„Schutzquote massiv gestiegen“

Abschiebung Die Zahl der unbegleiteten minderjährigen Flüchtlinge ist so hoch wie nie. Gleiches gilt für die Schutzquote. Ein Trend, der wohl anhalten wird

Niels Espenhorst

35, ist Sozialwissenschaftler und arbeitet als Referent beim Bundesfachverband Unbegleitete Minderjährige Flüchtlinge e. V., dort leitet er das Projekt Kiwa, das Vormünder und Fachkräfte der Jugendhilfe weiterbildet.

taz: Herr Espenhorst, nach Deutschland kommen gerade so viele unbegleitete minderjährige Flüchtlinge wie nie. Steigt damit auch die Zahl der Abschiebungen?

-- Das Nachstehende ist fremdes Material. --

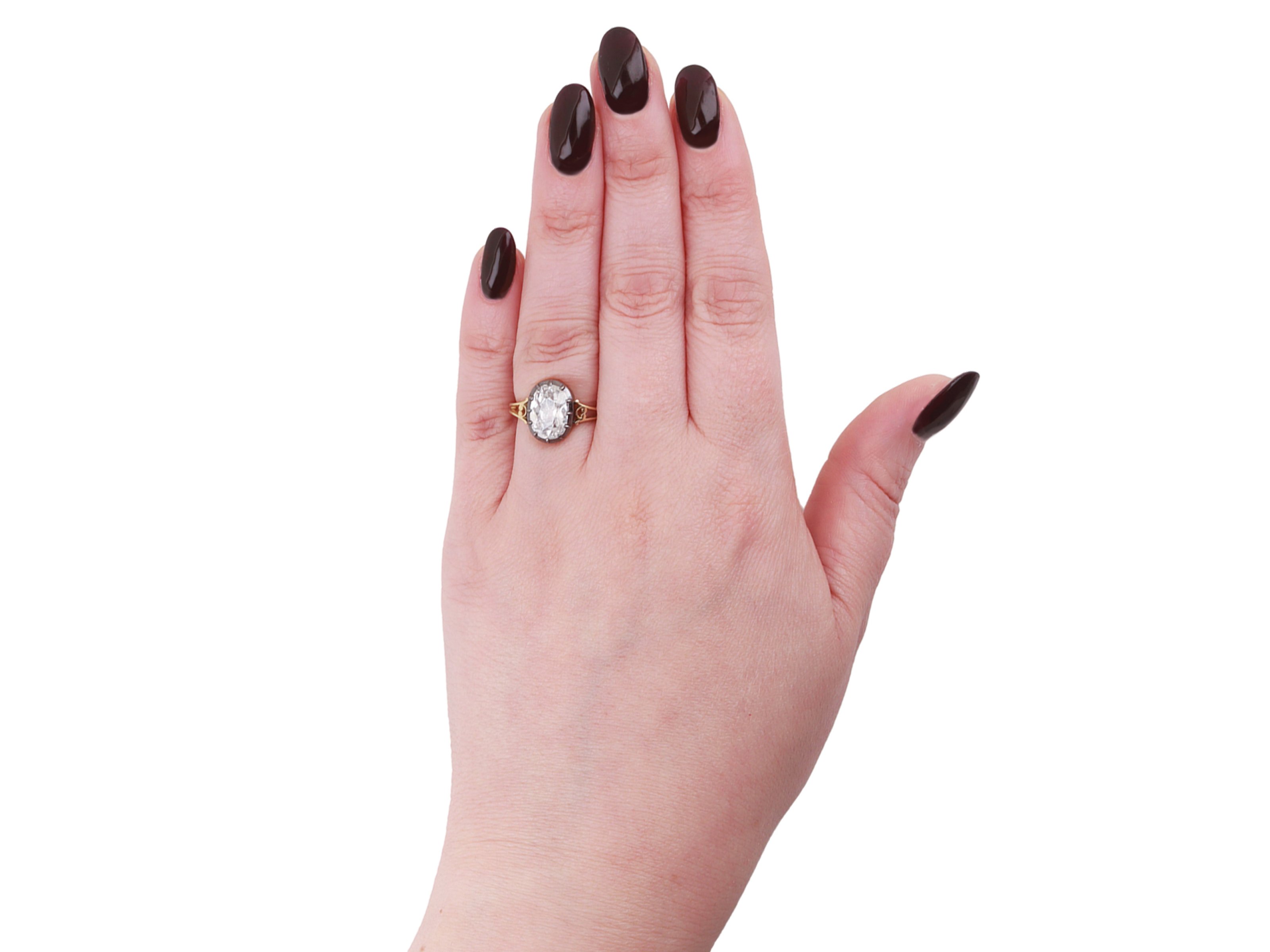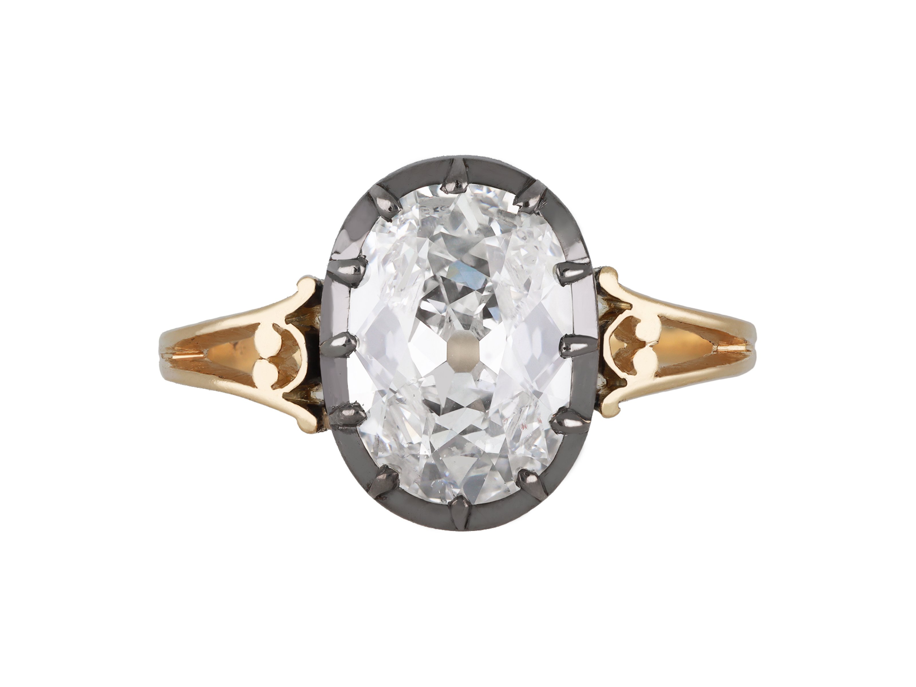 Victorian diamond solitaire ring. Set with a single oval old mine diamond in an open back cut-down setting with an approximate weight of 2.15 carats, to a solitaire design featuring curving claws, a polished gallery and open backholing, leading to split shoulders with a scrolling motif and flowing through to a solid D-shape shank. Marked 18 carat yellow gold and tested silver, circa 1880.

Niels Espenhorst: Nein, im Gegenteil, im ersten Quartal 2015 lag die Schutzquote von unbegleiteten minderjährigen Flüchtlingen bei 85 Prozent, das ist Rekord. Da setzt sich ein Trend fort. In den letzten Jahren ist die Schutzquote massiv gestiegen.

Woran liegt das?

Zum einen daran, dass über bestimmte Länder zurzeit nicht entschieden wird. Im Augenblick wird vor allem über syrische Flüchtlinge entschieden und da liegt die Anerkennungsquote bei 100 Prozent. Aber die Quote steigt auch bei denjenigen, die aus den Balkanstaaten kommen. Zum anderen hat es bei den Ausländerbehörden ein Umdenken gegeben. Dort hat man erkannt, dass die Jugendlichen nicht nach Lust und Laune fliehen. Grundsätzlich gilt heute: Auch diejenigen, die keinen Schutzstatus erhalten, können hierbleiben. Die Jugendlichen werden gut aufgenommen, gehen in die Schule, und die Jugendbehörden kümmern sich um sie.

Befürchten Sie, dass sich dieser Trend auch wieder umkehrt?

Nein, es ist für die Ämter schwierig geworden, unbegleitete minderjährige Flüchtlinge abzuschieben. Bei einem Abschiebeverfahren müssen Betreuer und Vormünder Gutachten schreiben, es gibt rechtliche Vertretungen der Minderjährigen und die Familiengerichte reden ein Wort mit.

In Deutschland gab es lange Zeit Kritik daran, dass Flüchtlinge ab 16 Jahren asylrechtlich voll handlungsfähig sind. Gelten die Verbesserungen auch für die minderjährigen Flüchtlinge, die älter als 16 sind?

Die negativen Konsequenzen der Handlungsfähigkeit haben sich in den letzten Jahren minimiert, auch weil das BAMF reagiert hat: Anhörungen finden nur noch statt, wenn der Vormund dabei ist, die Jugendhilfe wird miteinbezogen und Sonderbeauftragte der UN betreuen die Verfahren.

Also wurde die UN-Kinderrechtskonvention in Deutschland umgesetzt?

Zumindest was diesen Punkt angeht. Allerdings haben wir die Befürchtung, dass Geflüchtete erst im erwachsenen Alter ins Asylverfahren kommen, wenn die Handlungsfähigkeit auf 18 Jahre angehoben wird und die 16- und 17-Jährigen nicht mehr eigenständig einen Asylantrag stellen können. Daher müssen wir darauf achten, dass Minderjährige schnell einen Antrag stellen können und nicht warten müssen, bis sie volljährig sind.

Droht trotz der positiven Entwicklungen unbegleiteten minderjährigen Flüchtlingen noch die Abschiebehaft?

Statistisch vielleicht nicht. Allerdings kommen einige durch die fehlerhaften Clearingverfahren als Volljährige in den Knast und gehen als Minderjährige wieder heraus, weil man erst im Gefängnis festgestellt hat, dass sie minderjährig sind.